Welche Aspekte haben für die Wohnungsunternehmen bei der Umsetzung der Beratungsergebnisse besondere Bedeutung?

Stefan Schenzel: Besondere Bedeutung für die Wohnungsunternehmen haben niedrigere Kosten für Instandsetzungen sowie stabile Versicherungsprämien. Als besonders positiv werden geringere Störungen beim Mieter registriert. Diese Beurteilung ist allerdings in ihrer Bedeutung je nach Wohnungsmarktlage unterschiedlich. Weniger Störungen bedeuten jedoch auf jeden Fall auch die Entlastung der Mitarbeiter des Wohnungsunternehmens, da sie weniger Gesprächsbedarf mit verärgerten Mietern haben. Das reduzierte Konfliktpotential entlastet letztlich den internen Verwaltungsaufwand. Kurz gesagt: Prävention von Leitungswasserschäden wirkt sich positiv auf das Image des Wohnungsunternehmens aus.

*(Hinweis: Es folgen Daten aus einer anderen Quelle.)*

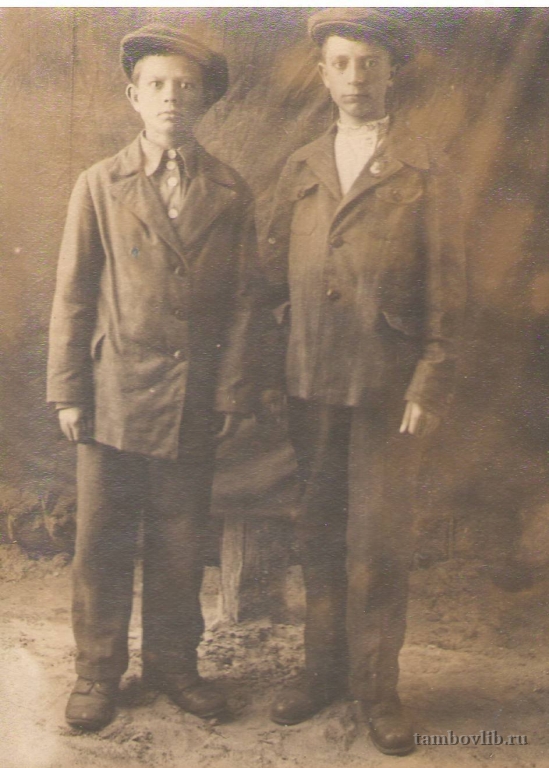 Родился 1924 году с. Мучкап Тамбовской области. Призван в армию в 1944, демобилизован в 1945 году. Рядовой. Рядом стоит Мишин Иван Петрович. Фото предоставил Репин Виктор Васильевич.1939 Центральная библиотека Мучкапского района Семейное
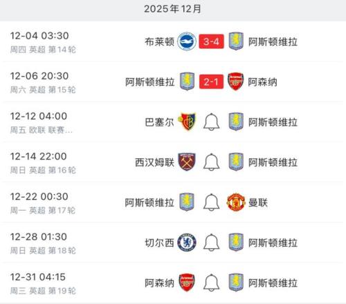 在12月的剩余赛程里,他们下周五将在欧联杯迎战巴塞尔,接着将客场迎战西汉姆联,在那之后,他们要在英超当中连续面对曼联、切尔西和阿森纳。

Was überzeugt die Kunden bei der Schadenberatung besonders?

Stefan Schenzel: An erster Stelle werden hier die umfassende Auswertungsmöglichkeit und Transparenz in der Schadenanalyse genannt. Als besonders wichtig werden auch die Funktionalität der IT-Tools, wie z.B. das Schadenmanagementportal und die Auswertungen hervorgehoben. Diese Auswertungen können auch unter Einsatz von Power-BI, einer angepassten Software, unabhängig von der Datenherkunft und den unterschiedlichen Datenqualitäten, erstellt und von der Schadenberatung mit den Wohnungsunternehmen gemeinsam analysiert werden.

Wie wird denn die Schadenberatung im Großen und Ganzen von den Kunden eingeschätzt?

Stefan Schenzel: Wir stoßen auf hohes Interesse. Die Tools werden als perfekter „Werkzeugkasten“ wahrgenommen. Die Beratungsleistung in den direkten Kundengesprächen wird in den Unternehmen sehr begrüßt, da sie über die reine Dienstleistung des Versicherungsmaklers weit hinausgeht. Die qualifizierten Berater bieten solide Informationen. Sie beruhen auf dem breiten Erfahrungshintergrund der Versicherungswirtschaft von rund 1 Mio. Leitungswasserschäden pro Jahr.

Herr Schenzel, wir danken Ihnen für Ihre umfassenden Erläuterungen.

Das Gespräch führten die Moderatoren des FORUM LEITUNGSWASSER Helmut Asche und Siegfried Rehberg.